--- Your task ---
Reproduce the records below exactly from their first line through the line containing "Bürgermeister Mues eröffnet", omitting all pictures.

The input: Begin

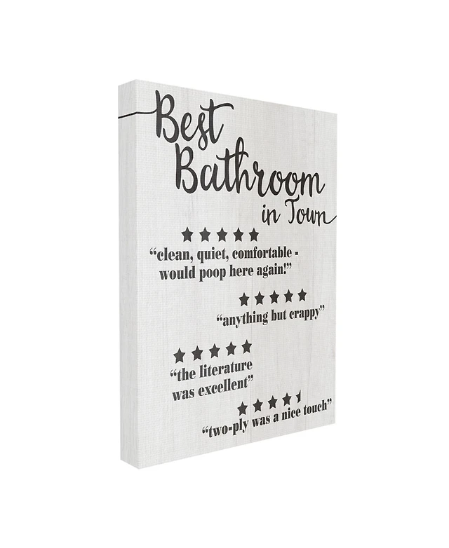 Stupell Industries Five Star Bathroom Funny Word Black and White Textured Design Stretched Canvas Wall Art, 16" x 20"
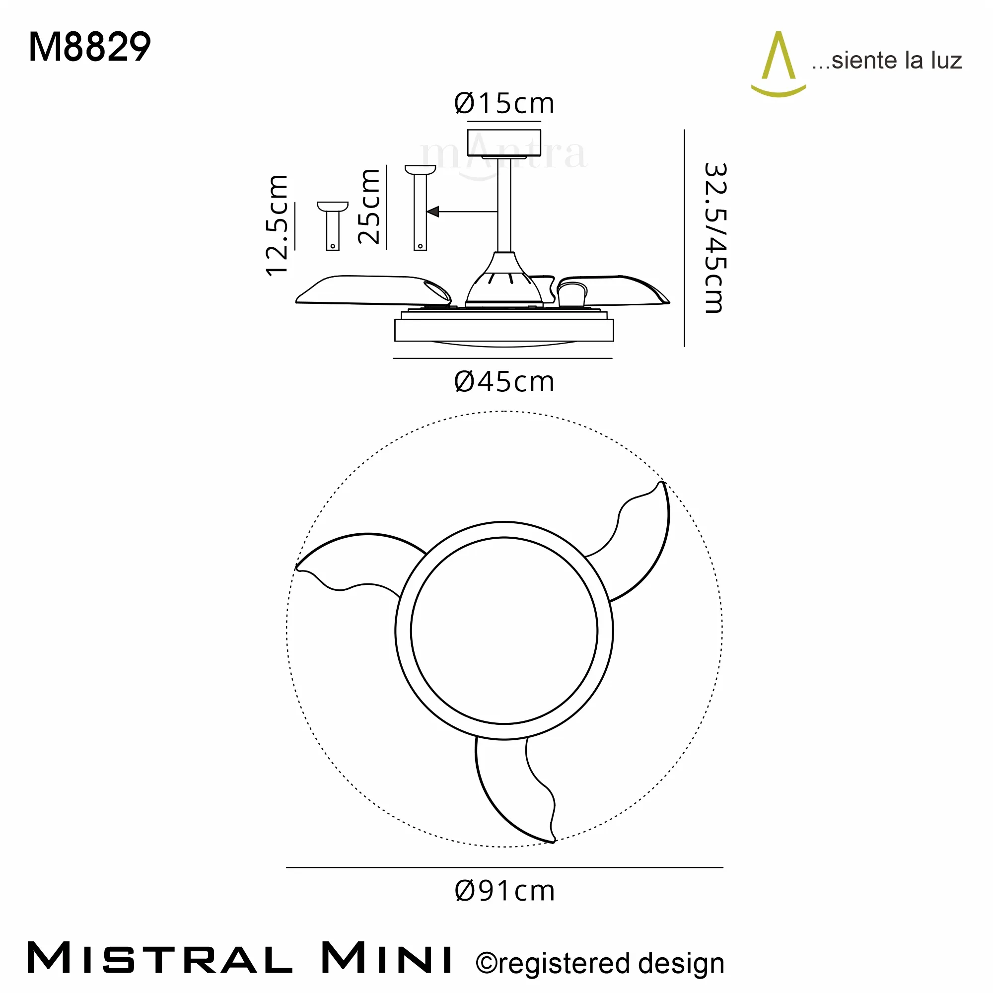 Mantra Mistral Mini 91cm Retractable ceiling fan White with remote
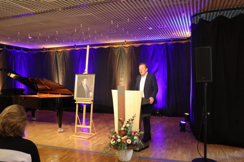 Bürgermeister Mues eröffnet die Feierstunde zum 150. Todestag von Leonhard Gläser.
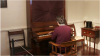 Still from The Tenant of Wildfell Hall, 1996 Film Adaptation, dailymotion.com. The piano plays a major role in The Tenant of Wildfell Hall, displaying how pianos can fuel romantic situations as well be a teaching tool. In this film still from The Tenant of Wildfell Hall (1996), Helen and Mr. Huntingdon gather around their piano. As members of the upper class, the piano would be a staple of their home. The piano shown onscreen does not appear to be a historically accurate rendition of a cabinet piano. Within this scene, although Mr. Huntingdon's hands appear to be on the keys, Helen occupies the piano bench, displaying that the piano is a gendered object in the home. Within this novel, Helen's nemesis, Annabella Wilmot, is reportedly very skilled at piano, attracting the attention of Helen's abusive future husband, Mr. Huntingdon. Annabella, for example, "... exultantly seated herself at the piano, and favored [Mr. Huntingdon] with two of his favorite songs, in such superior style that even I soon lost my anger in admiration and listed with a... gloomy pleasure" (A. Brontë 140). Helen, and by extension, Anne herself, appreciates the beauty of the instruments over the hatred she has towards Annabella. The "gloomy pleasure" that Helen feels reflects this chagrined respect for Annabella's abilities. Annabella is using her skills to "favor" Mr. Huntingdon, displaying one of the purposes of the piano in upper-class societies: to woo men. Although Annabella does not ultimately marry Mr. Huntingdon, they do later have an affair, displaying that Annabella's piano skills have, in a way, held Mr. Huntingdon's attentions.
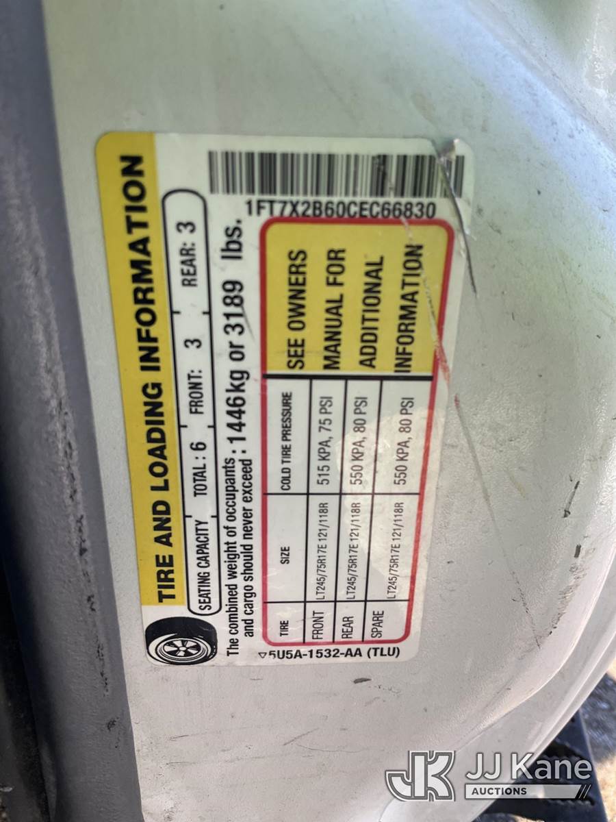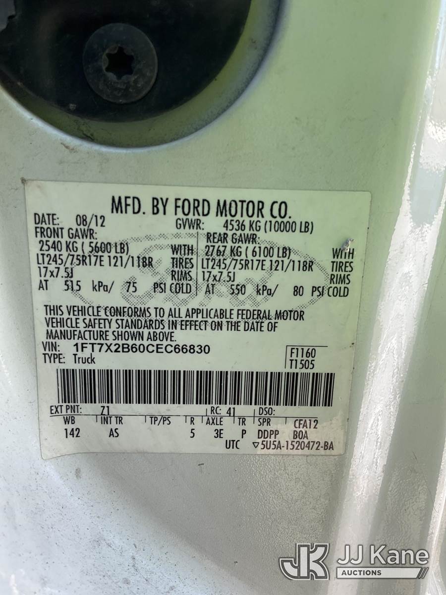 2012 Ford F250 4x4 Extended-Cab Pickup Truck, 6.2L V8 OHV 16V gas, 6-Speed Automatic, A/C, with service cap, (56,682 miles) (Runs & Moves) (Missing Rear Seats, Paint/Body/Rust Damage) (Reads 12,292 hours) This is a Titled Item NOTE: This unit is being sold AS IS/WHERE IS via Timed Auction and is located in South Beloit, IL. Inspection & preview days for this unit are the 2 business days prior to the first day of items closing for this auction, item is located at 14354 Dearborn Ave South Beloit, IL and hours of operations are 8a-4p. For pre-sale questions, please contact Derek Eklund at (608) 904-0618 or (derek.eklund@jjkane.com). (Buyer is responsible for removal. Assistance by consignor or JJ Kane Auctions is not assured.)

The input: End

--- Expected answer ---
 Stupell Industries Five Star Bathroom Funny Word Black and White Textured Design Stretched Canvas Wall Art, 16" x 20"
 Mantra Mistral Mini 91cm Retractable ceiling fan White with remote
 Bürgermeister Mues eröffnet die Feierstunde zum 150. Todestag von Leonhard Gläser.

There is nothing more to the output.